Kansas Nets $33.7 Million Connected To Medicaid Fraud
A new report by Kansas Attorney General Derek Schmidt has concluded that $33.7 million in fraudulent Medicaid payments were collected in the Sunflower State during 2012, up more than 40% from the $23.9 million collected in 2011.
According to the report, 64 cases against potential fraudsters were initiated in 2012. Of those, 23 were opened against home healthcare aides and providers, while 10 were against pharmaceutical firms. None were initiated against hospitals. Altogether, another 93 cases were closed during the year, including 35 for lack of evidence. A total of 141 cases remained pending as of June 30 of this year.

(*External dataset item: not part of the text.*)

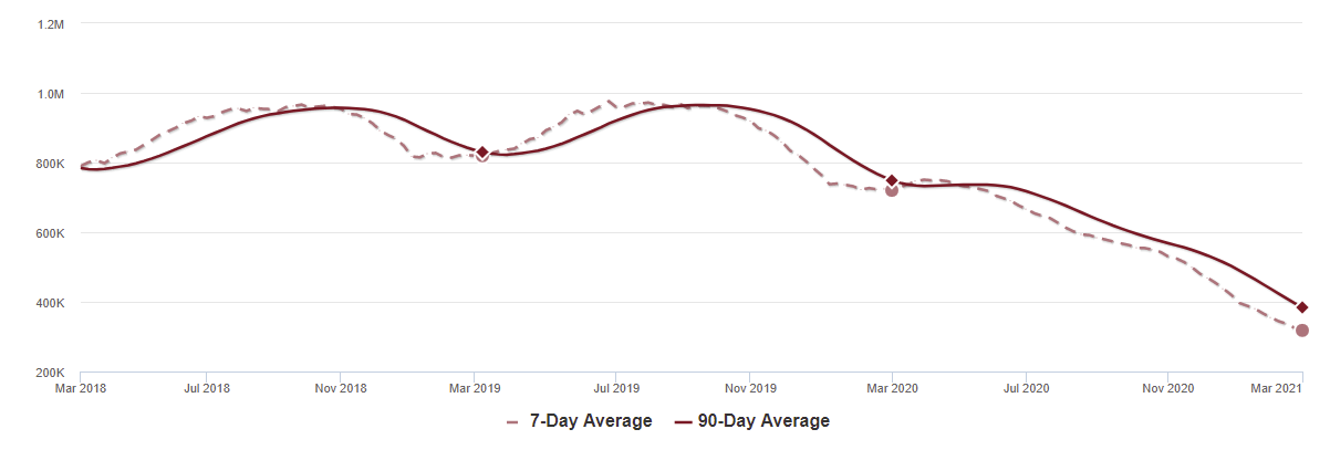 As of March 5th, inventory was at 318 thousand (7 day average), compared to 720 thousand the same week a year ago. That is a decline of 56%.

Altogether, the state received $15.1 million in global settlements from cases that may be pursued by federal prosecutors. $2.3 million was order as restitutions against those who committed Medicaid fraud, and $16.3 million was collected as the result of civil judgments. And $3 million was recouped as part of the administrative process.
“We are committed to vigorously prosecuting those who defraud the taxpayers and to recovering misspent funds from providers who are not entitled to keep them,” Schmidt said. He praised the investigators and prosecutors involved in the work, but added that extra vigilance was required.
Among the biggest cases was Jason Sellers, the former chief financial officer for Kansas Health Solutions. Arrested in 2011 for bilking $2 million in Medicaid revenue from his organization to build his home, he pled guilty to a single federal count of wire fraud and was sentenced to 36 months in prison and to pay restitution. In another case, Caela Kinchion-White was convicted on 11 federal counts of healthcare fraud and one count of conspiracy to commit healthcare fraud in connected with her job as nursing director at a Topeka home healthcare business. She will be sentenced next month.
Kansas officials project they will make 175 Medicaid fraud referrals to the appropriate agencies over the next fiscal year.
Schmidt's report noted that coming years will prove more challenging in investigating and recouping fraudulent payments. “Increasingly, many of the referrals coming into the (Medicaid Fraud and Abuse Division) involvelarger, more complex issues. Even many of the referrals involving “run of the mill” fraud now involve more advanced schemes to defraud,” the report said. “The result is that many of the cases being opened by the unit are extremely demanding on our limited resources.”